**Data to examine**:
↓
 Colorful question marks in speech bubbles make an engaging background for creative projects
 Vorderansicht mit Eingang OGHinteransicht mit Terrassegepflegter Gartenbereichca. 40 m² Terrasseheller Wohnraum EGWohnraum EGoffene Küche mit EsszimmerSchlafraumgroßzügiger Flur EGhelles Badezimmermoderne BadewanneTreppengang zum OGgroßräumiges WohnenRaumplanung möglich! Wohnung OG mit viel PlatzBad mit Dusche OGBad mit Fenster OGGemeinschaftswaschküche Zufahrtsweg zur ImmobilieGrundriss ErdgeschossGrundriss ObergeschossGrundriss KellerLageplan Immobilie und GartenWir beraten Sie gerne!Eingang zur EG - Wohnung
↑
↓
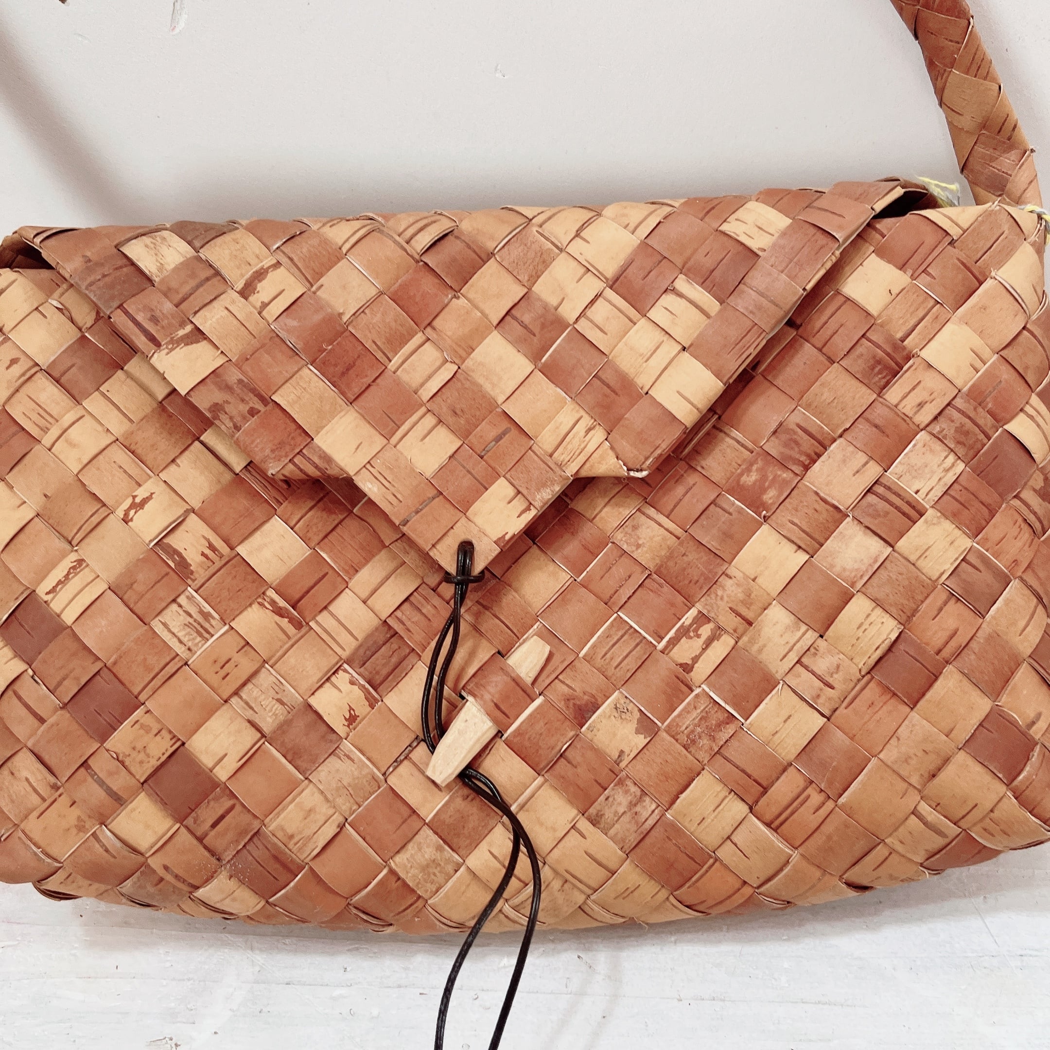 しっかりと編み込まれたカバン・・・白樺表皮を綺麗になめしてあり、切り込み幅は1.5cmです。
↑
**About this task**: In the entries above, restate word for word the lines between the one holding "Colorful question marks" and the one holding "Vorderansicht mit Eingang", inclusive, and nothing besides.

**Exercise response**:
 Colorful question marks in speech bubbles make an engaging background for creative projects
 Vorderansicht mit Eingang OGHinteransicht mit Terrassegepflegter Gartenbereichca. 40 m² Terrasseheller Wohnraum EGWohnraum EGoffene Küche mit EsszimmerSchlafraumgroßzügiger Flur EGhelles Badezimmermoderne BadewanneTreppengang zum OGgroßräumiges WohnenRaumplanung möglich! Wohnung OG mit viel PlatzBad mit Dusche OGBad mit Fenster OGGemeinschaftswaschküche Zufahrtsweg zur ImmobilieGrundriss ErdgeschossGrundriss ObergeschossGrundriss KellerLageplan Immobilie und GartenWir beraten Sie gerne!Eingang zur EG - Wohnung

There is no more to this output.